• **Data for processing**
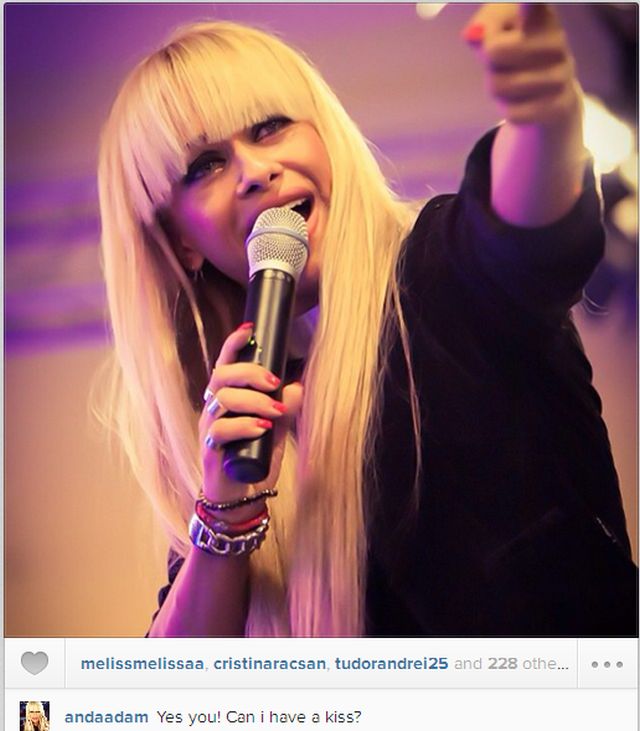 Ei bine, deşi Anda a pus această întrebare, singurul bărbat pe care vedeta vrea să îl sărute este Cătălin. Frumoasa cântăreaţă a postat pe contul personal de Instagram o fotografie făcută la ultimul ei concert, la care a adăugat mesajul halucinant "Da, tu! Pot să te sărut?!". Fanii înfocaţi ai vedetei au sărit imediat cu o mulţime de comentarii în speranţa că poate unul va câştiga sărutul Andei Adam.
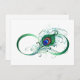 The symbol of infinity with a bright, green, artistic peacock feather on a white background. Tattoo style.
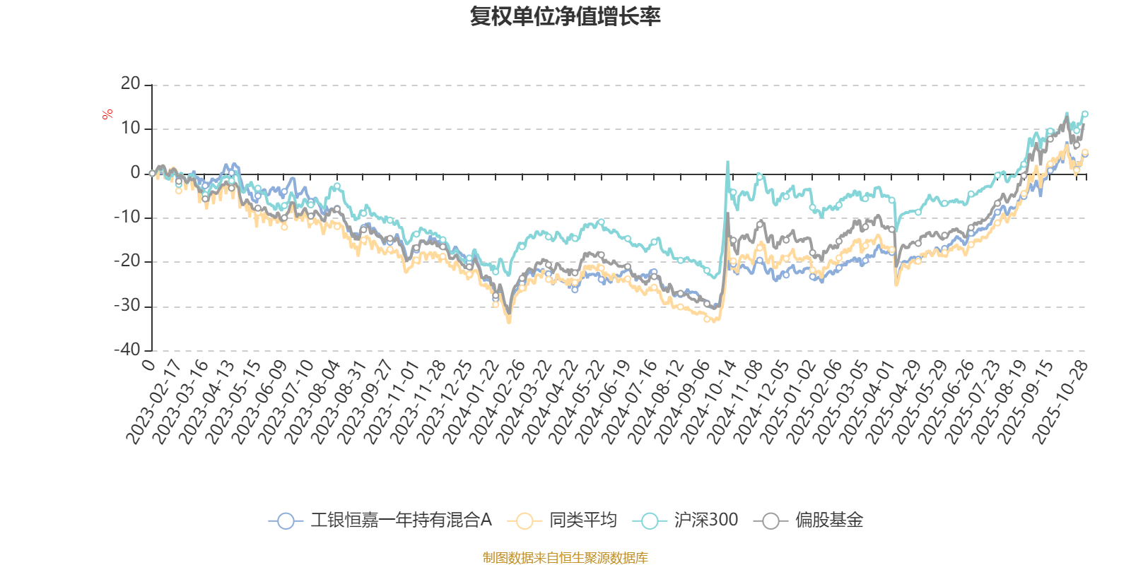 截至10月28日,工银恒嘉一年持有混合A近三个月复权单位净值增长率为13.17%,位于同类可比基金327/621;近半年复权单位净值增长率为29.28%,位于同类可比基金305/619;近一年复权单位净值增长率为32.58%,位于同类可比基金247/611。
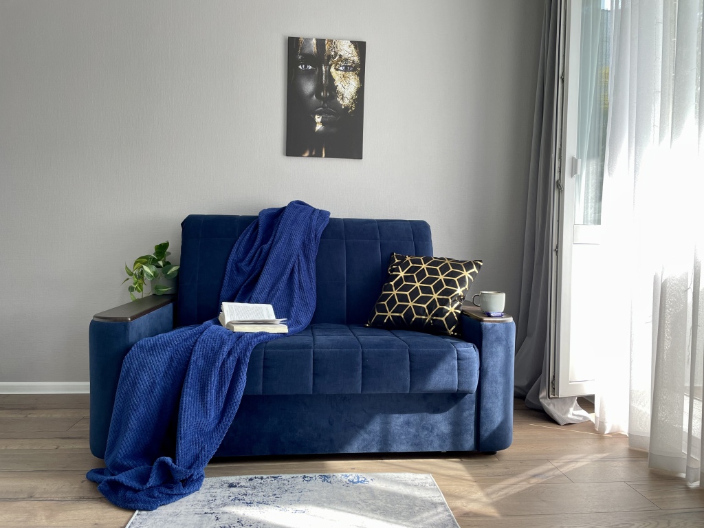 Предоставляется приветственный набор — чай, кофе. Квартира оборудована кондиционером, стиральной машиной, индукционной плитой, холодильником, Smart-TV, утюгом и феном. К услугам гостей постельное бельё, полотенца, посуда, косметика для душа. Квартира оборудована для 4-5 человек: двуспальная кровать с ортопедическим матрасом, раскладной двуспальный диван, гладильная доска, сушилка.
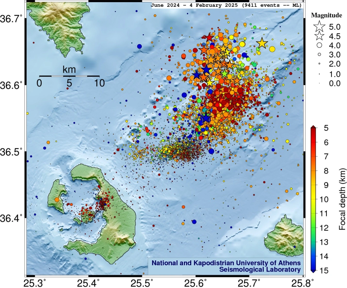 «Από την έναρξη του σεισμικού σμήνους στη ζώνη Σαντορίνης-Αμοργού στις 26 Ιανουαρίου έως και τις 4 Φεβρουαρίου 2025, το Εργαστήριο Σεισμολογίας του ΕΚΠΑ έχει ανιχνεύσει και εντοπίσει συνολικά πάνω από 7,700 σεισμούς με μεθόδους μηχανικής μάθησης, εκ των οποίων άνω των 6,100 με μεγέθη Μ1.0. Στις 4 Φεβρουαρίου καταγράφηκαν πάνω από 1,300 σεισμοί με Μ1.0 (συγκριτικά λιγότεροι απ’ ότι στις 3 Φεβρουαρίου που καταγράφηκαν ~1,450 σεισμοί με Μ1.0). Το μέγιστο μέγεθος έφτασε το 4.9-5.0, ενώ εκδηλώθηκαν 21 σεισμοί με μεγέθη Μ4.0 και 9 σεισμοί με Μ4.5.
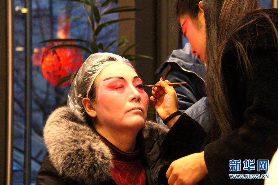 2月27日,在法国巴黎,演员表演剧目《光王私访》。中国湖北省荆门市东宝区梁山调剧团27日晚在法国塞纳河畔巴黎中国文化中心举办专场演出,以独特的唱腔和板式表演了自编剧目《光王私访》,令现场观众耳目一新。东宝梁山调属板腔系统的地方戏剧种,是中国稀有剧种之一。新华社记者张曼摄
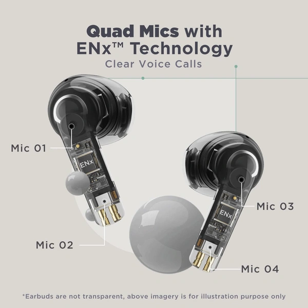 Clear Voice Calls- Be heard clear across voice calls without those usual interruptions, with the Quad Mics ENx Tech enabled Airdopes Atom 81, that cancels out unwanted background noises during calls.
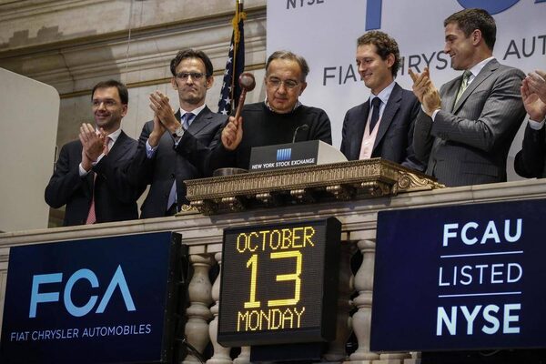 Fiat Chrysler CEO Sergio Marchionne rings the closing bell to celebrate the company’s listing on the NYSE on Oct. 13, 2014.EDUARDO MUNOZ/Reuters

• **Task objective**
Once the line holding "σεισμοί με Μ4.5." is found, copy it and each later line exactly through the end of the data, leaving out the pictures.

• **Written answer**
 «Από την έναρξη του σεισμικού σμήνους στη ζώνη Σαντορίνης-Αμοργού στις 26 Ιανουαρίου έως και τις 4 Φεβρουαρίου 2025, το Εργαστήριο Σεισμολογίας του ΕΚΠΑ έχει ανιχνεύσει και εντοπίσει συνολικά πάνω από 7,700 σεισμούς με μεθόδους μηχανικής μάθησης, εκ των οποίων άνω των 6,100 με μεγέθη Μ1.0. Στις 4 Φεβρουαρίου καταγράφηκαν πάνω από 1,300 σεισμοί με Μ1.0 (συγκριτικά λιγότεροι απ’ ότι στις 3 Φεβρουαρίου που καταγράφηκαν ~1,450 σεισμοί με Μ1.0). Το μέγιστο μέγεθος έφτασε το 4.9-5.0, ενώ εκδηλώθηκαν 21 σεισμοί με μεγέθη Μ4.0 και 9 σεισμοί με Μ4.5.
 2月27日,在法国巴黎,演员表演剧目《光王私访》。中国湖北省荆门市东宝区梁山调剧团27日晚在法国塞纳河畔巴黎中国文化中心举办专场演出,以独特的唱腔和板式表演了自编剧目《光王私访》,令现场观众耳目一新。东宝梁山调属板腔系统的地方戏剧种,是中国稀有剧种之一。新华社记者张曼摄
 Clear Voice Calls- Be heard clear across voice calls without those usual interruptions, with the Quad Mics ENx Tech enabled Airdopes Atom 81, that cancels out unwanted background noises during calls.
 Fiat Chrysler CEO Sergio Marchionne rings the closing bell to celebrate the company’s listing on the NYSE on Oct. 13, 2014.EDUARDO MUNOZ/Reuters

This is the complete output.